2016-01-25 16:33 GMT+09:00 b6n3j****@gmail***** <b6n3j****@gmail*****>:
> Linux-HA Japanのみなさま
>
> お世話になっております。渡辺と申します。
> 先日、 Pacemaker+corosync+DRBD環境において、MySQLが起動できないことで質問させていただきました。
> その後、MySQLは起動するのですが、次のような場合にフェイルオーバーせず、困っております。
> ・プライマリノードのPacemakerプロセスを落としたとき
> ・プライマリノードをシャットダウンしたとき
> なお、両ノードが生きている場合に、crmにおけるmigrateコマンドによる手動フェイルオーバーは行われます。

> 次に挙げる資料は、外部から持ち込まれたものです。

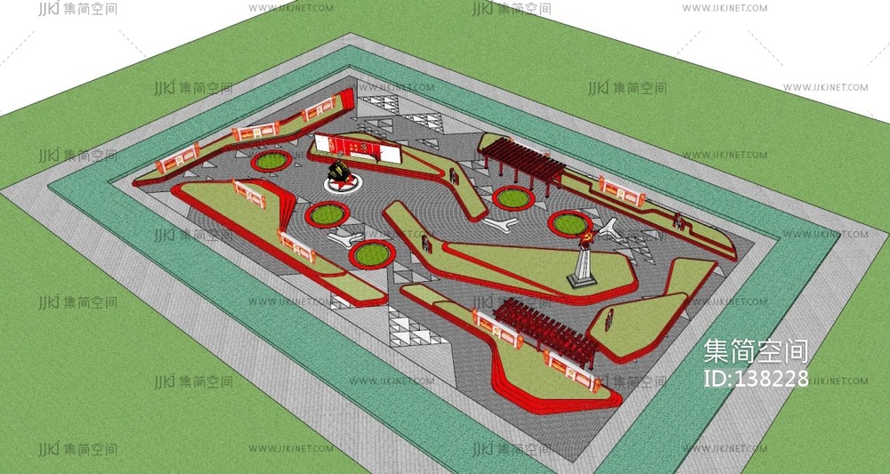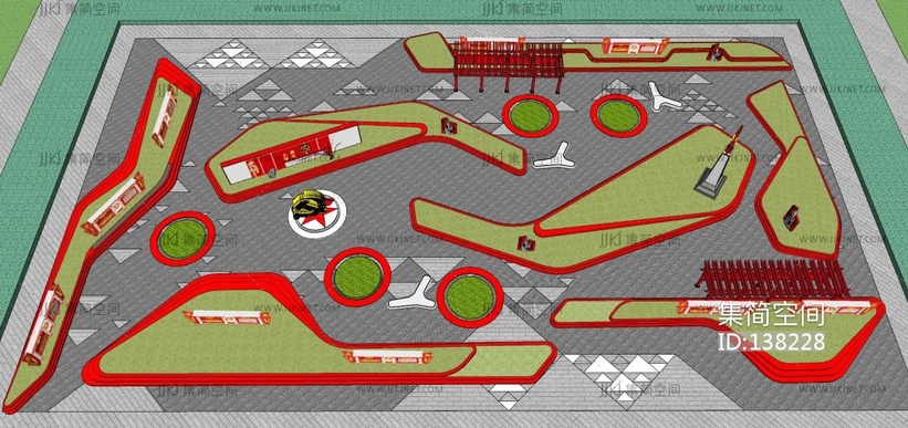 现代红色文化广场SU模型 su草图模型下载 [模型ID:138228]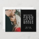 Na moda moderno salve os cartões postais de data são para o casal divertido que mal pode esperar para celebrar com sua família e amigos. Design de tipografia branca e preta com sua foto que diz: Booze, comida e maus movimentos de dança. Personalize o lado frontal do cartão postal com sua foto, nomes e data de casamento. Adicione seu endereço de devolução e detalhes adicionais do casamento à parte traseira do cartão postal.

> ※migrate実行後は、unmigrateを実行しており、制約は残っておりません。
>
> corosync.logを確認すると、セカンダリノードを起動しようとしているのですが、
> DRBDのプライマリへの昇格に失敗し、レプリケーション領域をマウントできないことが原因のようです。
>
> 以下に設定値およびログを記載いたしますので、お気づきの点がございましたら、
> ご教授いただければと思います。
> たびたびの質問で申し訳ありませんが、よろしくお願いいたします。
>
> ----------
> ■環境
> CentOS7
> pacemaker1.1.13
> corosync2.3.4
> drbd8.4.6
>
> ■crm_mon(Pacemakerダウン前)
> Last updated: Fri Jan 22 16:35:39 2016          Last change: Thu Jan
> 21 17:45:35 2016 by hacluster via crmd on NODE1
> Stack: corosync
> Current DC: NODE1 (version 1.1.13-10.el7-44eb2dd) - partition with quorum
> 2 nodes and 5 resources configured
> Online: [ NODE1 NODE2 ]
>  Master/Slave Set: ms_drbd_r0 [res_drbd_r0]
>      Masters: [ NODE1 ]
>      Slaves: [ NODE2 ]
>  Resource Group: rg_mysql
>      res_vipaddr        (ocf::heartbeat:IPaddr2):       Started NODE1
>      res_fsmnt  (ocf::heartbeat:Filesystem):    Started NODE1
>      res_mysql  (ocf::heartbeat:mysql): Started NODE1
> Migration Summary:
> * Node NODE1:
> * Node NODE2:
>
> ■crm_mon(Pacemakerダウン後)
> Last updated: Mon Jan 25 15:27:35 2016          Last change: Mon Jan
> 25 15:24:50 2016 by hacluster via crmd on NODE2
> Stack: corosync
> Current DC: NODE2 (version 1.1.13-10.el7-44eb2dd) - partition with quorum
> 2 nodes and 5 resources configured
> Online: [ NODE2 ]
> OFFLINE: [ NODE1 ]
>  Master/Slave Set: ms_drbd_r0 [res_drbd_r0]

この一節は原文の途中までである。